AUD and NZD are down 0.6% and 0.8% versus Friday’s NY close, after AUD.USD had again clawed back onto a 0.70 handle in the wake of the US payrolls report. Higher US yields have usurped the risk-positive response to the Mexico deal news to see Aussie and Kiwi at the bottom of Monday’s G10 pack. Also weighing was yesterday’s China trade data, revealing a much larger than expected fall in imports (-8.5% y/y). This adds to pre-existing concerns that the Chinese domestic economy is slowing. Stronger Chinese export data (+1.1% y/y) was dismissed by the market as reflecting front-loading by exporters before higher US tariffs come into effect.
GBP fell 0.4% after much weaker than expected GDP and industrial production data (latter -2.7%, the weakest monthly reading in 17 years. Manufacturers had stock-piled ahead of the original March 29 Brexit leave date, but that has now seemingly gone into reverse given the Brexit extension to the end of October. The Conservative party leadership contest continues to rumble away in the background as well, with hard Brexiteer Boris Johnson still seen as a better than even chance of becoming the new Prime Minister by betting markets.

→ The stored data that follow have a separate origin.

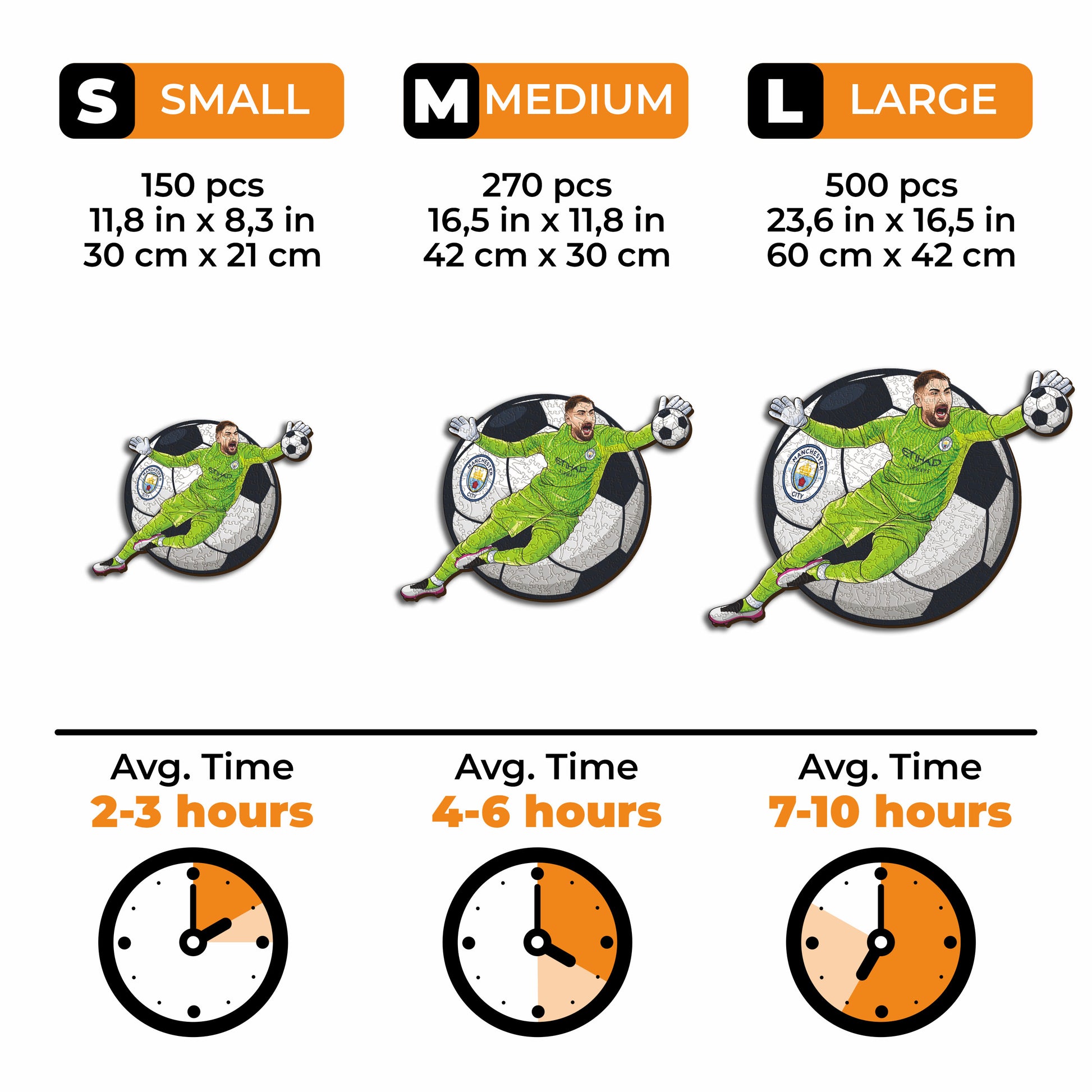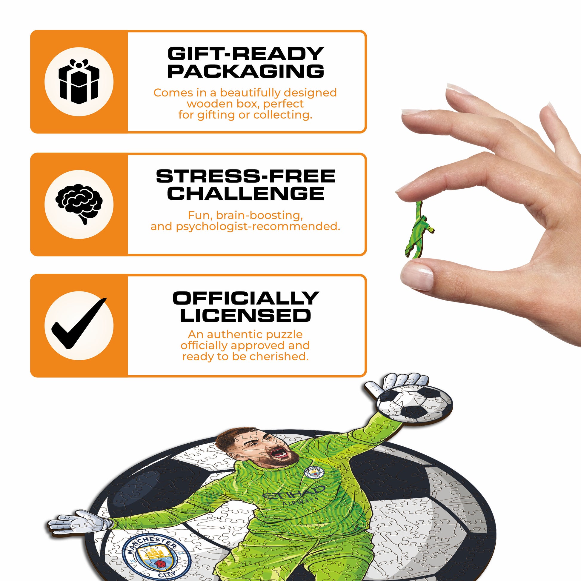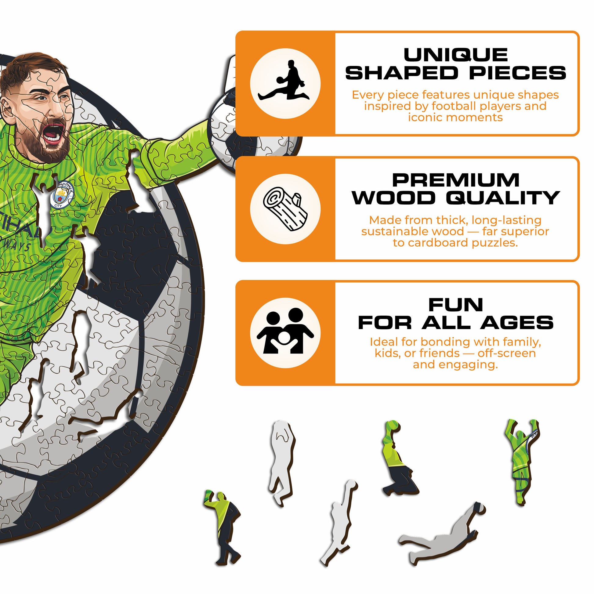 ✓ Each puzzle piece has a unique shape that depicts elements related to soccer and iconic players' poses.
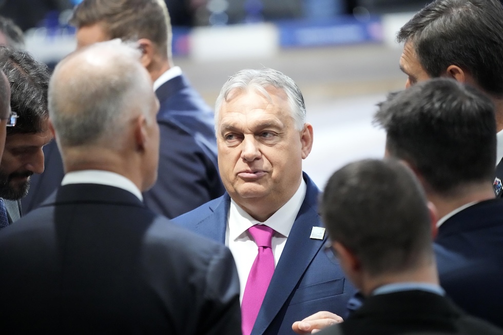 Viktor Orbán durante il summit della NATO a Washington DC, l’11 luglio (EPA/CHRIS KLEPONIS)
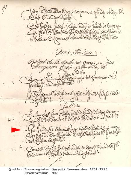 | aktuell | 15:03, 17. Mär. 2011 | 1.605 × 2.145, 2 Seiten (767 KB) | KlausErdmann (Diskussion • Beiträge) | {{Information |Beschreibung = ;Heiratsurkunden des Hans Hendrich Ertman:geheiratet 1707 in Leeuwarden (NL) |Quelle = Kopie Familienarchiv K.Erdmann |Urheber = Trowregister Gerecht Leeuwarden 1704-1713<br />Trowregister Hervormde gemeente Leeuwarden 1705- |
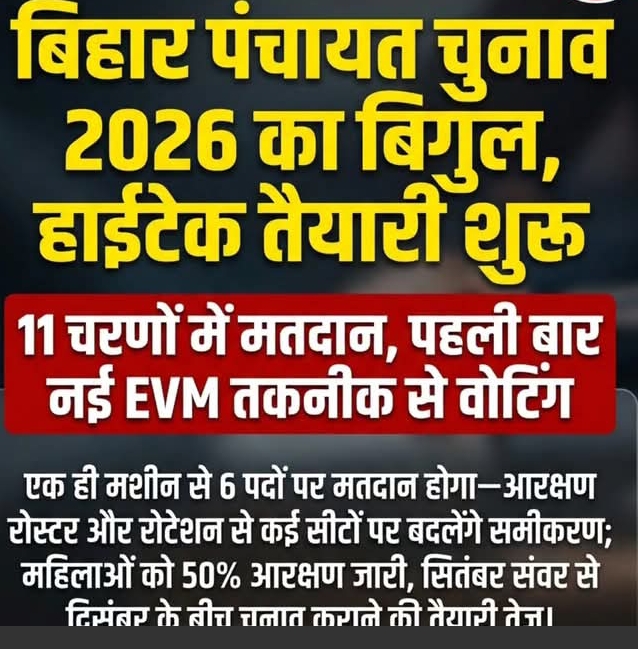 बिहार पंचायत चुनाव 2026 को लेकर तैयारियां तेज हो गई हैं। इस बार राज्य में 11 चरणों में मतदान कराया जाएगा। पहली बार मल्टी पोस्ट ईवीएम का इस्तेमाल होगा, जिससे एक ही मशीन से 6 पदों के लिए वोटिंग की जा सकेगी। चुनाव प्रक्रिया को हाई-टेक बनाने की तैयारी है।
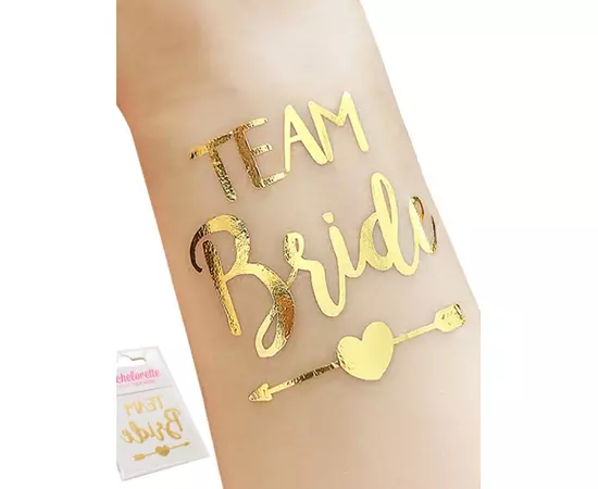 Team Bride autocolante pentru tatuaje care sunt ușor de utilizat. Pur și simplu desfaceti folia de pe autocolant, lipiți-l de piele, atașați-l cu o cârpă înmuiată in apa, așteptați o clipă și apoi dezlipiți-l.
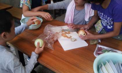 野外炊飯の時間になりました。係ごとに準備をはじめました。
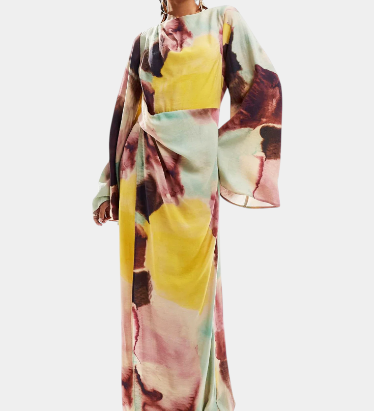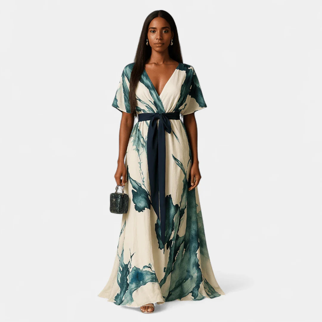 DANA – Vestido Maxi con Estampado de Acuarela y Frontal Torcido

In commodities, base metals and iron ore are all stronger while oil is lower, WTI by 1% and Brent by 1.4%, to $53.42 and $62.39 respectively, so partly reversing last week’s Wed-Friday rally. Earlier Monday, Russian Finance Minister Anton Siluanov warned that oil could fall below $40 if OPEC+ countries don’t agree on an extension of production cuts (though there is little reason to think they won’).
Today’s NAB Business Survey will provide an important gauge of businesses’ post-election conditions. In addition to an update on overall conditions, the employment sub-index will be important to watch given it fell in April. These data will give a sense for whether labour market demand is likely to improve in the near- term – otherwise expectations for an August – or possibly July – follow up to last week’s 25bp Cash Rate reduction will harden.
Thursday’s May labour market report is of course equally important here, where NAB thinks election-related hiring might have sufficed to see a rise in employment (circa 40k) sufficient the unemployment rate tick down to 5.1% from 5.2%. If it doesn’t, then July will continue to be viewed as very much ‘live’ in terms of follow-up rates cut chances..
Internationally and on the week, China May activity readings promise to the highlight (Friday).The consensus is for retail sales growth to pick up to 8%, with growth steady for fixed assets and industrial production. Ongoing trade tensions are a major headwind to the outlook.
In the US following Friday’s payroll and as we head to the June 18/19 FOMC meeting, the main data are CPI on Wednesday, retail sales on Thursday and consumer confidence on Friday. Tonight’s NFIB survey will be of particular interest, since it will pick up any negative impact on small business sentiment following President Trump’s announcement on May 5th that he was increasing the tariff rate on $200bn worth of Chinse imports from 10% to 25%.